JPH0323284B2 - - Google Patents

Description

DETAILED DESCRIPTION OF THE INVENTION <Technical Field> The present invention relates to a boring device for cutting a hole in a workpiece.

<Prior Art> A boring device in which a cutting tool can be automatically switched to a plurality of protrusion amounts corresponding to different hole diameters to be machined is known from Japanese Utility Model Application No. 55-75403.

However, in this conventional device, in order to accommodate various hole diameters, the cam member must be lengthened to form a multi-stage cam surface, which makes the quill long and prone to vibrations. The positioning mechanism also becomes complicated. Therefore, in reality, only two types of hole diameters could be accommodated.

<Object of the Invention> The present invention enables a cutting tool to be adapted to any hole diameter without increasing the length of the boring quill, and allows highly accurate wear correction.

<Structure of the Invention> The present invention has a main shaft rotatably supported on a shaft head body, an eccentric shaft rotatably supported within the main shaft at a position eccentric to the main shaft axis, and a tip of the eccentric shaft. fix the boring quill concentrically with the eccentric shaft,
A cutting tool is attached to this boring quill so that it can move back and forth in the radial direction, and a movable cylinder that is threadedly engaged with a lead screw provided at the rear end of the eccentric shaft is supported within the main shaft so that it can move only in the axial direction of the main shaft. A rotation indexing mechanism is provided for rotationally indexing the eccentric shaft in order to move the cylinder in the axial direction according to the machining diameter of the workpiece so that the rotation radius from the main axis axis of the cutting tool corresponds to the machining diameter of the workpiece, A clamper is provided that engages with an engagement surface provided on the outer circumferential surface of the eccentric shaft to integrally connect the eccentric shaft in the rotational direction of the main shaft, and an unclamping device is provided that releases the clamper from the engagement surface. A forward/backward shaft is passed through the quill and the eccentric shaft so as to be movable only in the axial direction concentrically with the eccentric shaft, a cam is provided at the tip of the forward/backward shaft, and the cam and the cutting tool are connected via an operating pin, A connecting shaft is connected to the rear end of the main shaft concentrically with the main shaft so as to be relatively movable only in the axial direction,
The forward and backward shaft is rotatably supported at the tip of the connecting shaft at an eccentric position, and the forward and backward shaft is moved in the axial direction via the connecting shaft according to the amount of wear correction of the cutting tool at the rear end of the connecting shaft. This is a boring device equipped with a cutting tool extension mechanism.

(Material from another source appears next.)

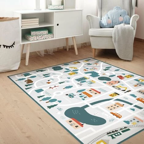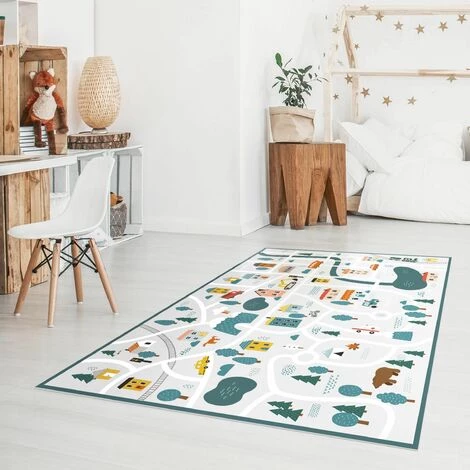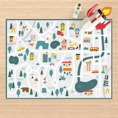 BILDERWELTEN Tapis En Vinyle – Playoom Mat Smalltown – From The City Into Nature – Paysage 3:4 Dimension HxL: 135cm X 180cm

<Examples> Examples of the present invention will be described below based on the drawings.
In FIG. 1, reference numeral 1 denotes a slide table that moves in parallel to the axis of the main shaft on a base (not shown). A spindle head 2 is fixed on this slide table 1,
A main shaft 3 is rotatably supported on the main shaft head 2 by a bearing. A pulley 4 is fixed to the rear end of the main shaft 3, and a belt is hung between the pulley 4 and a motor (not shown).

An eccentric shaft 5 is supported within the main shaft 3 at an axis 02 that is eccentric with respect to the main shaft axial center line 01 so as to be capable of independent index rotation and rotation integrally with the main shaft 3. A boring quill 6 is attached to the tip of the eccentric shaft 5 so as to be concentric with the axis 02 of the eccentric shaft 5. Boring quill 6
A cutting tool 7 that can move forward and backward in a direction orthogonal to the axis 02 of the eccentric shaft 5 is attached to the. 8 is a flexible portion that allows the cutting tool 7 to move forward and backward.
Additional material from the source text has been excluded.